There are different versions of grep available, with different options and features, but the core behaviour is the same for the most part. You can run grep --version to check which one you have installed:

bash

grep --version
# (on macOS)
# grep (BSD grep, GNU compatible) 2.6.0-FreeBSD

Pro-tip: If you're ever stuck or if you need a reminder of how grep works, use the man (manual) command to see documentation and find out what options you can use:

bash

man grep
# you can exit by pressing "q" 😁

Getting started with grep

Let's learn grep with some practical examples using the mdn/content GitHub repository. To follow along with the examples in this post, clone the mdn/content repository and cd into the directory (you can also download the repository as a zip file from GitHub if you don't use git):

bash

git clone https://github.com/mdn/content.git
cd content

Once you're inside the content repository in your shell, you can search for some keywords and have a look at the output from grep. For example, here I am searching for the word "Communication" in the file CONTRIBUTING.md, the word "node" in the file package.json, and the phrase "Mozilla Community" in the file CODE_OF_CONDUCT.md.

bash

grep "Communication" CONTRIBUTING.md
# [get in touch with us]: https://developer.mozilla.org/en-US/docs/MDN/Community/Communication_channels
grep "node" package.json
#    "node": ">=18.0.0"
grep "Mozilla Community" CODE_OF_CONDUCT.md
# [Mozilla Community Participation Guidelines](https://www.mozilla.org/about/governance/policies/participation/).

As you can see, each of the outputs from grep is the line or list of lines that matches the searched word or phrase. While you can run a command like grep Communication CONTRIBUTING.md and get the same output, it's recommended to wrap the pattern you want to search in double quotes to avoid any issues with whitespace or special characters being interpreted by the shell.
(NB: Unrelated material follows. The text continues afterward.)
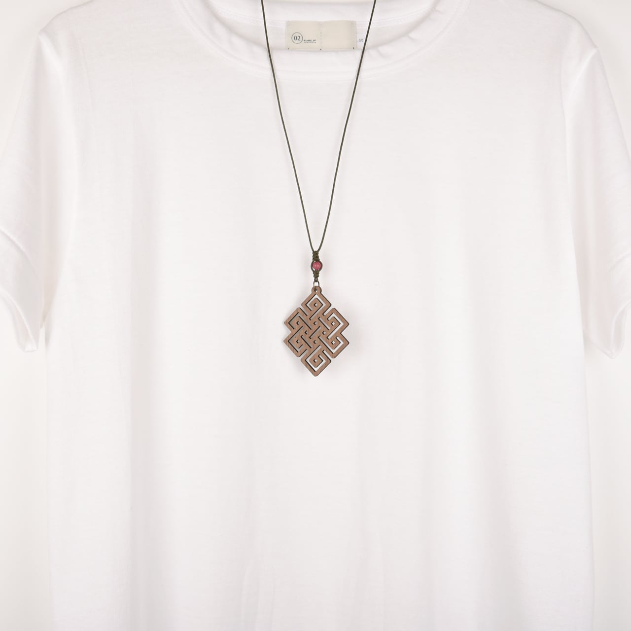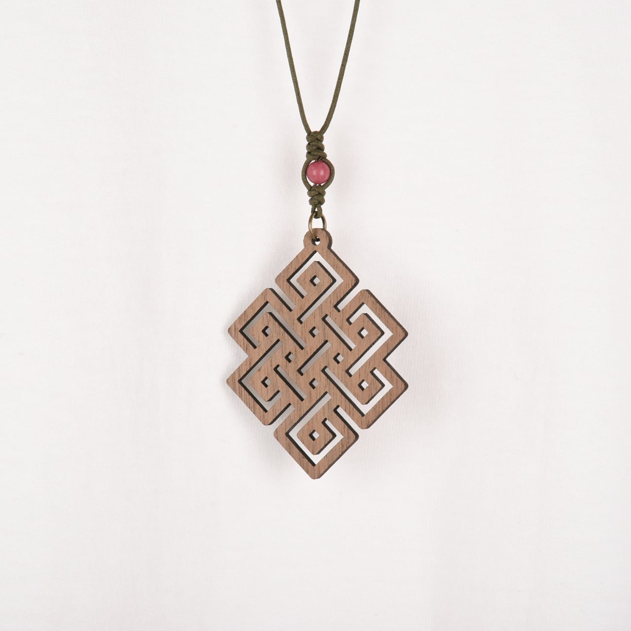 チベット仏教のシンボル「エンドレスノット」(宝結び)をモチーフにしたウォールナットエレメントに、ロードナイトのピンクカラーがアクセントを添えるエスニック&キュートなグリーンコード木製ネックレス。

These examples are extremely useful to check things such as a node version or the URL we point the community to so they can get in touch with us. At this point, we know how to search for a specific word or group of words in a single file.

Searching recursively

A recursive search means searching for your pattern through multiple files, directories, and subdirectories. You will want to search for a pattern not only in a file but an entire tree. This is where grep starts to become really useful. To make a recursive search, use the -r flag before the pattern:

bash

grep -r "my pattern" ./directory

In the context of searching in the content repository, we can search for a keyword in all markdown files:

bash

grep -r "TOFU" ./files
# ./files/en-us/web/security/index.md:- TOFU# ./files/en-us/glossary/tofu/index.md:title: TOFU
# ./files/en-us/glossary/tofu/index.md:slug: Glossary/TOFU

The output shows us that the Web security page has a link to the glossary entry for TOFU, and the glossary entry has multiple matches for the pattern, as expected. I've left out a few other matches to make the output more readable, but the gist is that we can find occurrences of a pattern in multiple files and discover where it's used.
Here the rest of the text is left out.